The Great Plains Have Volcanoes? Yup!

Continuing our look at the national parks and monuments of the Great Plains we unfortunately must skip Colorado.  The Great Plains portion of Colorado has no major national parks or national monuments.  There is Bent’s Old Fort National Historic Site and Sand Creek National Historic Site.  Both of these are important in their own way, and I in no way intend to slight them, but they lack the grandeur of a larger national park or monument.
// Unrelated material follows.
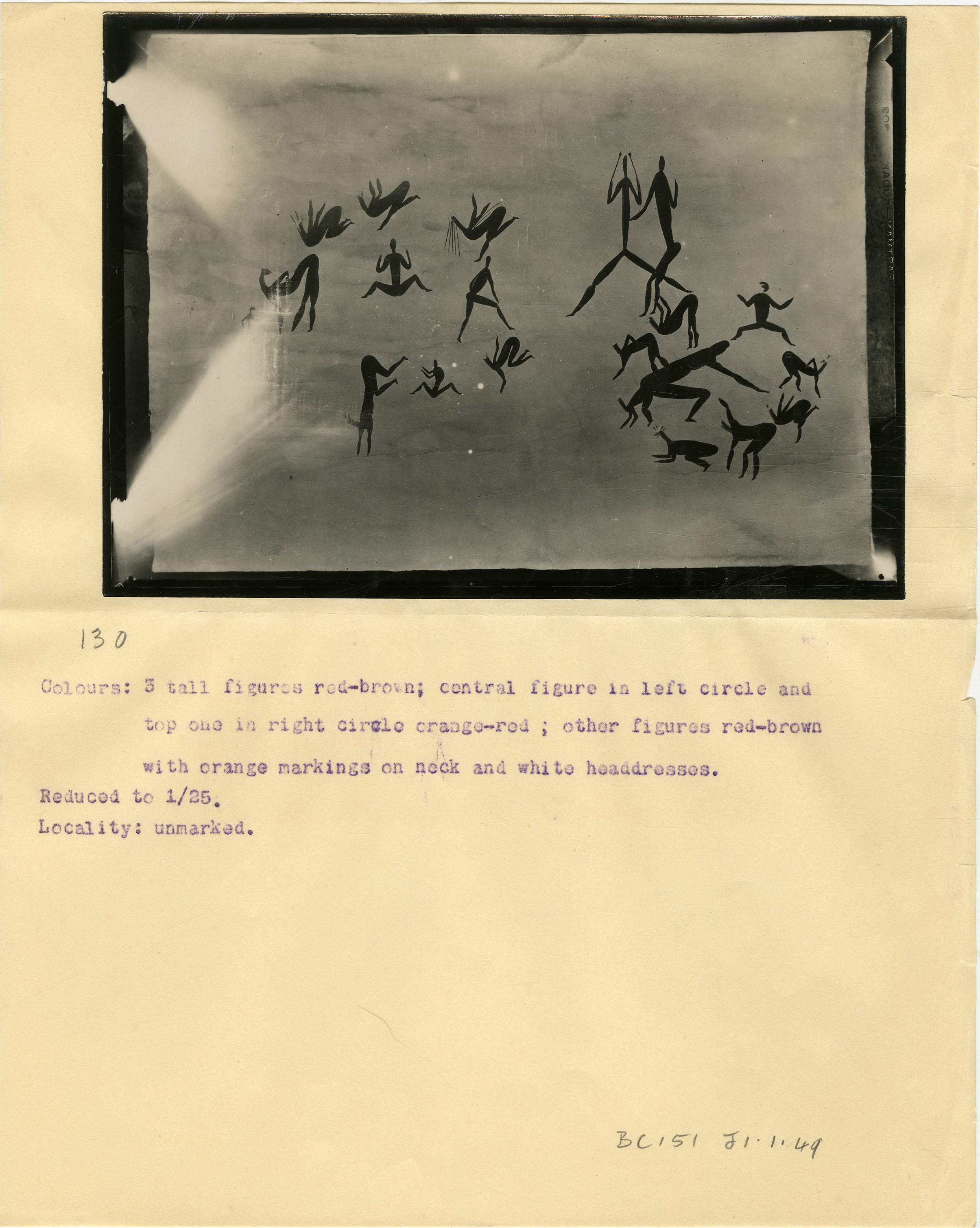 Page numbered '130' in pencil. Typewritten caption: 'Colours: 3 tall figures red-brown; central figure in left circle and top one in right circle orange-red; other figures red-brown with orange markings on neck and white headdresses. Reduced to 1/25. Locality: unmarked.' Additional text: 'BC151 J1.1.49'.

Moving south from there, we enter New Mexico which features the surprising Capulin National Monument.  Capulin is an extinct cinder cone volcano that rises 1000 feet above the surrounding plains, and sits roughly in the middle of a whole series of volcanoes that dot this portion of northeast New Mexico.  Capulin is surprising because volcanoes are not typically associated with the Great Plains.  Some may choose to argue that they are an outlier to the Rocky Mountains, and not really part of the Great Plains, but I think most geologists and geographers would agree that the 12,000 and 13,000 foot peaks to the west are the part of the Rockies, but the 8,000+ foot volcanoes of the Capulin area are separate, and clearly rising directly from the plains.

The park consists of the mountain itself with a road to the crater rim.  From there, you can hike the circumference of the rim (about 1 mile), as well as down to the bottom of the crater.  On a recent trip there, the wind was blowing and gusting upwards of 60mph, and I wondered if I was not going to be tossed from the summit like a napkin.  My hat proved useless as it required too much vigilance to keep it on my head.  I managed to keep from losing it, but that’s about it.  All in all, I found it to be an invigorating place and an excellent example of the character and variety that exists (surprisingly to some) on the Great Plains!